━━━ Given records ━━━

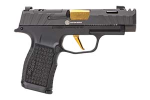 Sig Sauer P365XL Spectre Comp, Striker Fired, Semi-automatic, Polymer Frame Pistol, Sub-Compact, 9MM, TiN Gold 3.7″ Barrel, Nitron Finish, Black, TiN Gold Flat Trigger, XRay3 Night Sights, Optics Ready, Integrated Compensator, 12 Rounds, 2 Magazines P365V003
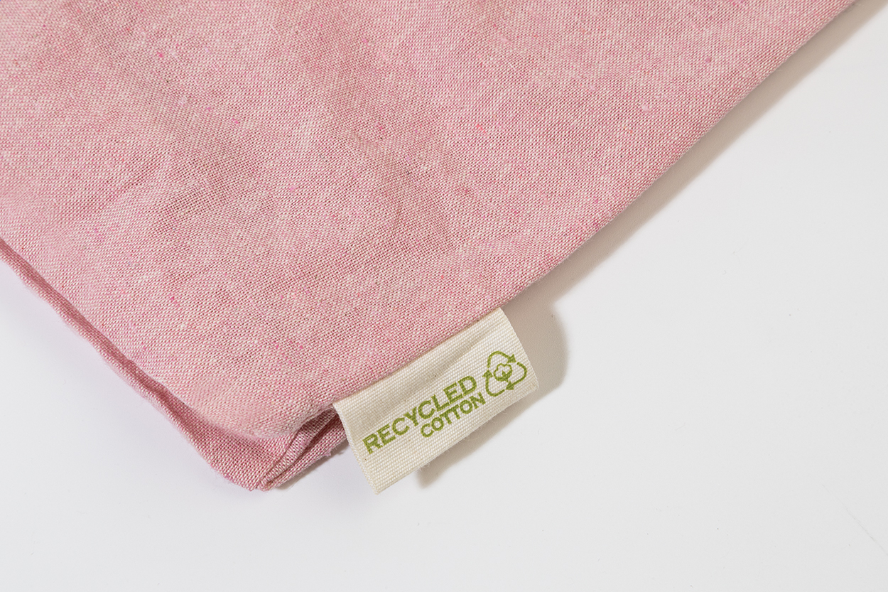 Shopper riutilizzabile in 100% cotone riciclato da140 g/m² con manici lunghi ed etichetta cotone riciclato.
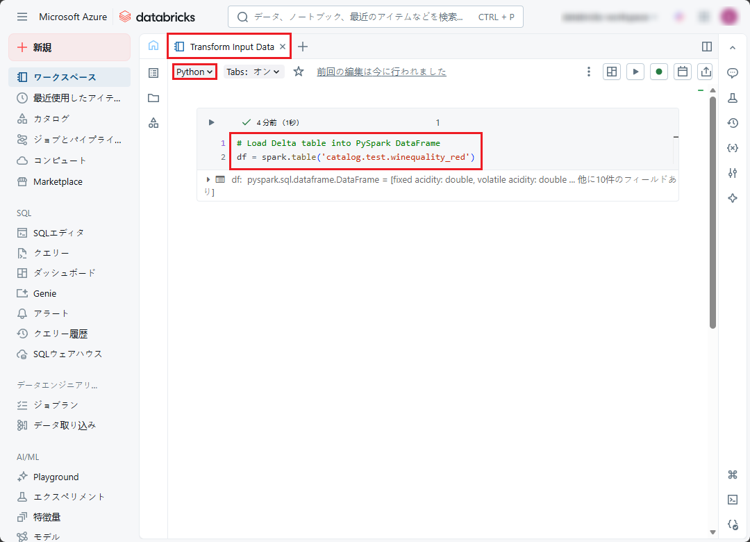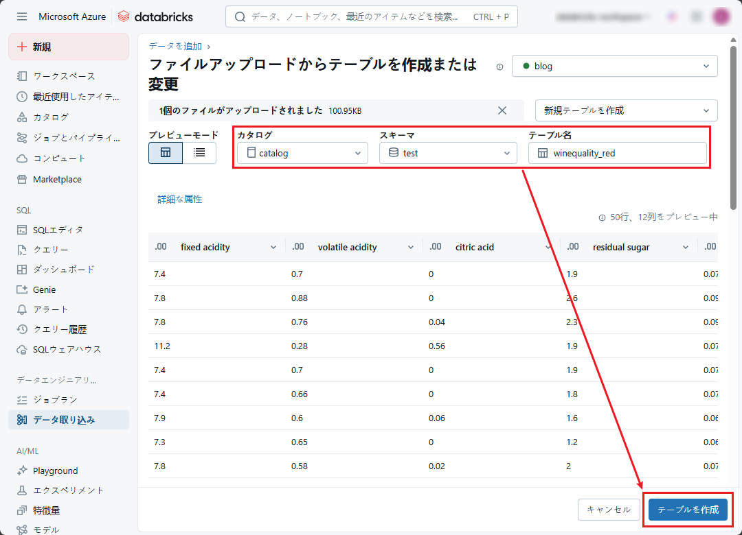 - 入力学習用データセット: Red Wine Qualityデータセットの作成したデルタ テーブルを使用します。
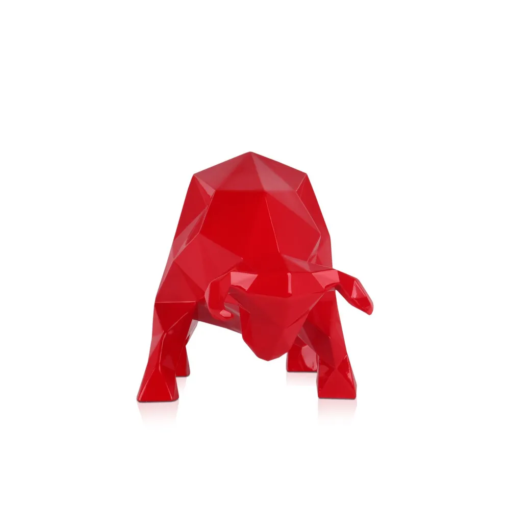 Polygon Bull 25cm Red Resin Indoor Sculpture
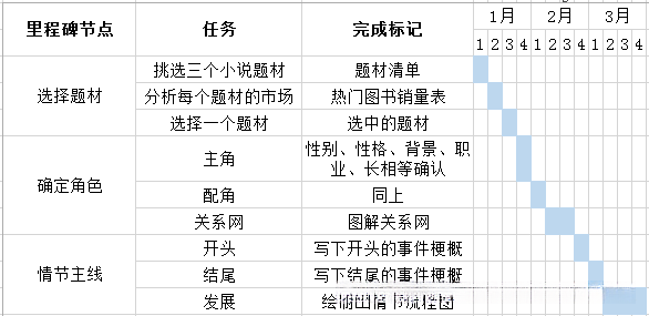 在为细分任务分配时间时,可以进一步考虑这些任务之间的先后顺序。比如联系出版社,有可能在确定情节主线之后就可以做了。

━━━
━━━ Given records ━━━

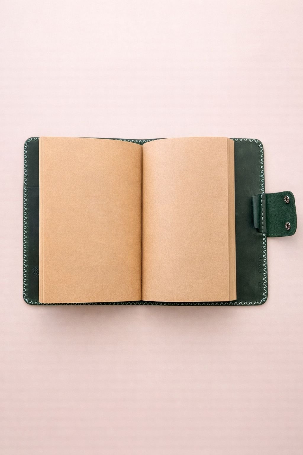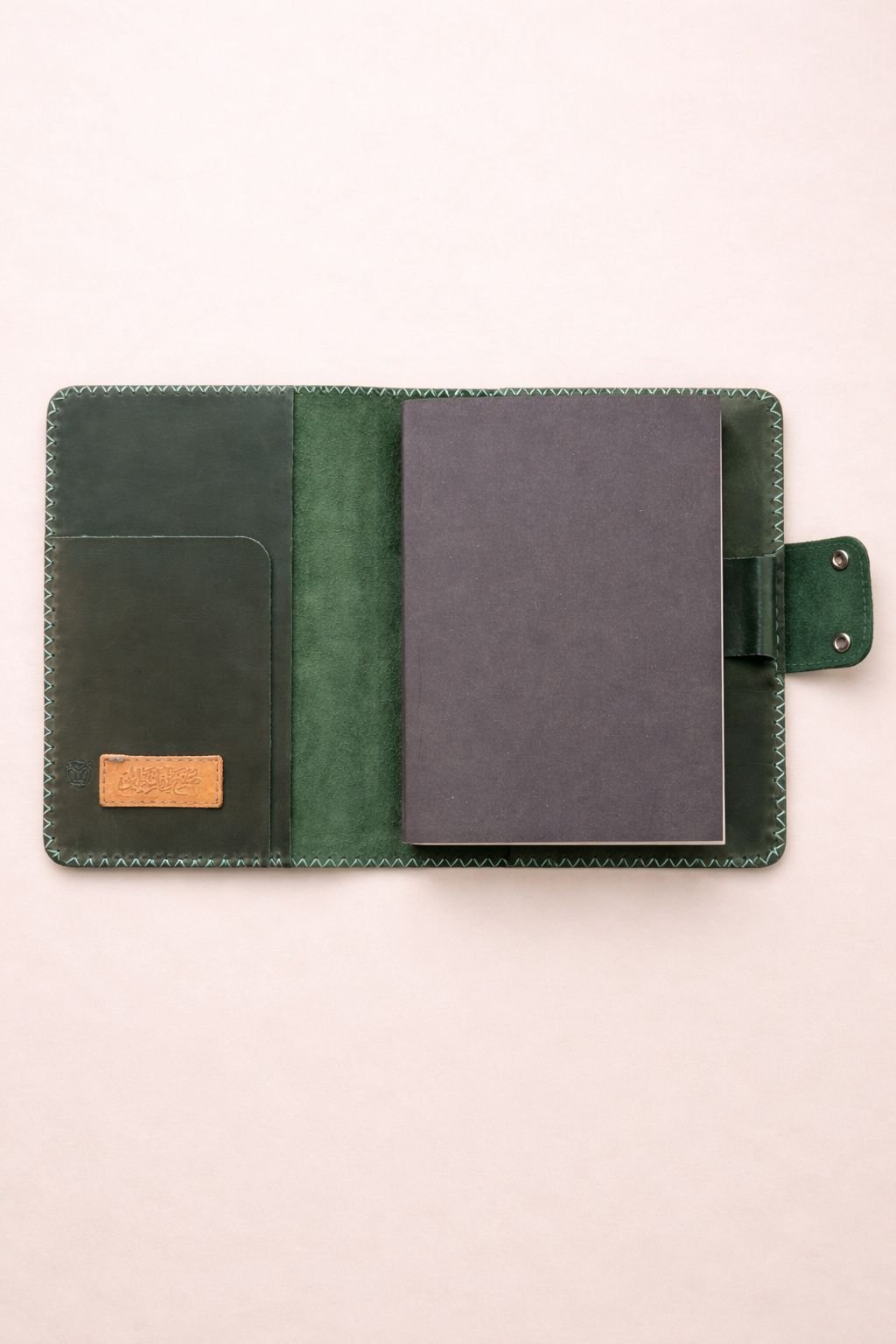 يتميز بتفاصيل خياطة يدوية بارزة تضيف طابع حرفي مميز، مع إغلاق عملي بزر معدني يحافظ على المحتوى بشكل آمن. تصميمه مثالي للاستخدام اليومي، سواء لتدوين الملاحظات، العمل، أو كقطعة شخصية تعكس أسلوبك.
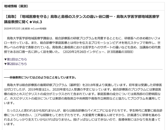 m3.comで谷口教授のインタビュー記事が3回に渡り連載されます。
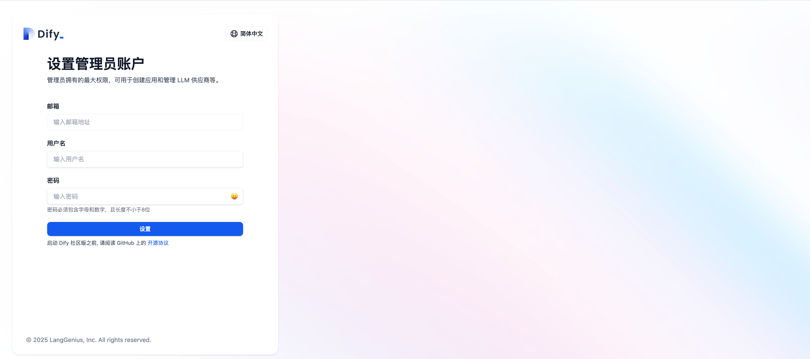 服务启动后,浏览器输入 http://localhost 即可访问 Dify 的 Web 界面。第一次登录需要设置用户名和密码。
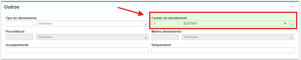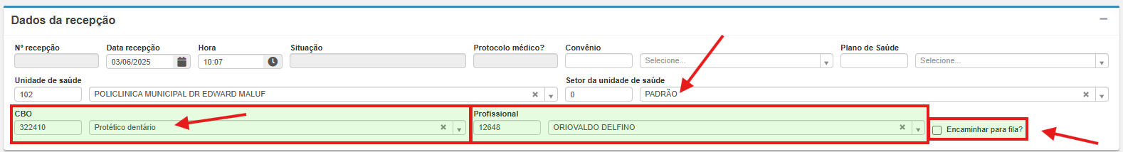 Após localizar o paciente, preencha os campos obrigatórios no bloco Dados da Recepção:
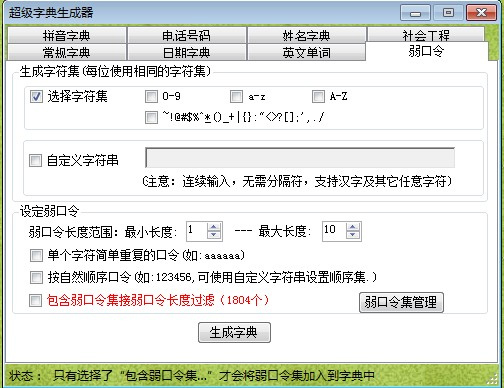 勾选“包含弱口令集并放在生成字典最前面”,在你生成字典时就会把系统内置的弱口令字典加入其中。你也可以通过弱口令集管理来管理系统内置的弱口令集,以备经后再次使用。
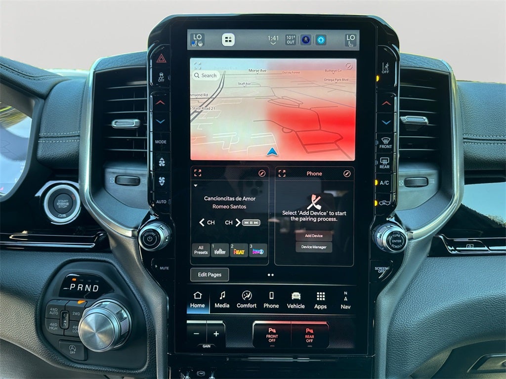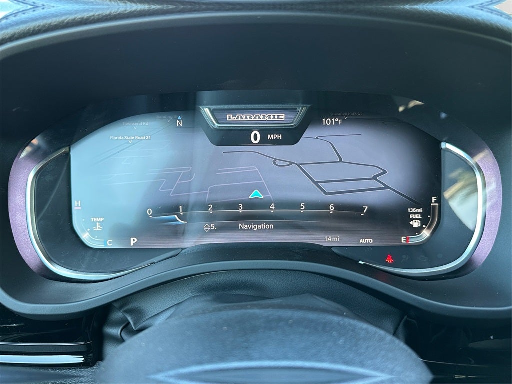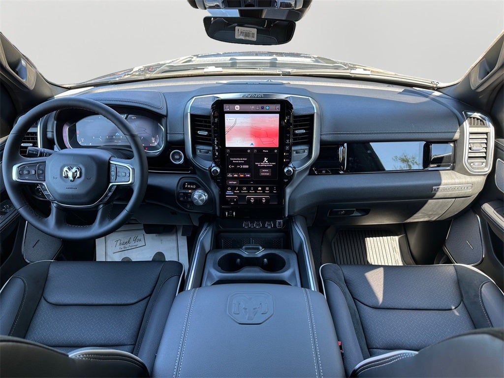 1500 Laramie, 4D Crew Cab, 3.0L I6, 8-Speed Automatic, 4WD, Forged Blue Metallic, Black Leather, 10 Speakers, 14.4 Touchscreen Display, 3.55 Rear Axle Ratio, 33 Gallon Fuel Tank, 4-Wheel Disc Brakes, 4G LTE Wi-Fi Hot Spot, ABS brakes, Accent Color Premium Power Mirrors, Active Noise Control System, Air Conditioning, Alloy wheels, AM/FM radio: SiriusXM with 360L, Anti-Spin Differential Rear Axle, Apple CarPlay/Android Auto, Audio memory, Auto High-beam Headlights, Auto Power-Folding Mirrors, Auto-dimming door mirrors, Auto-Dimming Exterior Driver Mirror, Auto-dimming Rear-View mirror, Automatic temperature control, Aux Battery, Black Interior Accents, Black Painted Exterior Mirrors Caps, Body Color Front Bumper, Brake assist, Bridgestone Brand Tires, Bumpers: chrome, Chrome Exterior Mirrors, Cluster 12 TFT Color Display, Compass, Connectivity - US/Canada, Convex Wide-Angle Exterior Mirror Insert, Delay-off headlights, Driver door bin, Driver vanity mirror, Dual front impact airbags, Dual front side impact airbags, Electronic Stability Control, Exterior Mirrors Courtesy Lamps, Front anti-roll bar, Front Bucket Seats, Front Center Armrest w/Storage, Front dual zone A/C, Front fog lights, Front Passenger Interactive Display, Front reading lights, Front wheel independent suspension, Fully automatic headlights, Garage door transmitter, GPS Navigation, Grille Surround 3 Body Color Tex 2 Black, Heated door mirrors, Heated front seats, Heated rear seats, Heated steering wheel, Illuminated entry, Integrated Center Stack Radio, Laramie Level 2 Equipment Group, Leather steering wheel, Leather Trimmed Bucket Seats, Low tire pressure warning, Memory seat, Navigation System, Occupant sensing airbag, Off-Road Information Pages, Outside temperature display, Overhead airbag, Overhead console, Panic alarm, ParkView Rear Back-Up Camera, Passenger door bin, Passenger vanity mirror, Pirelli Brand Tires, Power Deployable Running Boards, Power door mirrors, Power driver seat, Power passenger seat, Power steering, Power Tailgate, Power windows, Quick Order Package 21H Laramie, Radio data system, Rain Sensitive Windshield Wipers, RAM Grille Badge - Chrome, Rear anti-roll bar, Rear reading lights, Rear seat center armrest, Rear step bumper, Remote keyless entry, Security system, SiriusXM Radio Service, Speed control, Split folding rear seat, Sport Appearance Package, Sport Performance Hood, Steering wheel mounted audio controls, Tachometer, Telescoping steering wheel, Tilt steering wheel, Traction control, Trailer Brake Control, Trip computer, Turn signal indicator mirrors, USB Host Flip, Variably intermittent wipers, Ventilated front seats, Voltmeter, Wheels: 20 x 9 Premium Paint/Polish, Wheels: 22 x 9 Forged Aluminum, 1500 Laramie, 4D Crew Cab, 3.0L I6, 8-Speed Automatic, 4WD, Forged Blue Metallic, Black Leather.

━━━

- _What you are asked to do_
Excluding any pictures, print exactly the lines of the listing above from the line with "Sig Sauer P365XL" to the line with "- 入力学習用データセット: Red", both ends included.

- _Answer for the task_
 Sig Sauer P365XL Spectre Comp, Striker Fired, Semi-automatic, Polymer Frame Pistol, Sub-Compact, 9MM, TiN Gold 3.7″ Barrel, Nitron Finish, Black, TiN Gold Flat Trigger, XRay3 Night Sights, Optics Ready, Integrated Compensator, 12 Rounds, 2 Magazines P365V003
 Shopper riutilizzabile in 100% cotone riciclato da140 g/m² con manici lunghi ed etichetta cotone riciclato.
 - 入力学習用データセット: Red Wine Qualityデータセットの作成したデルタ テーブルを使用します。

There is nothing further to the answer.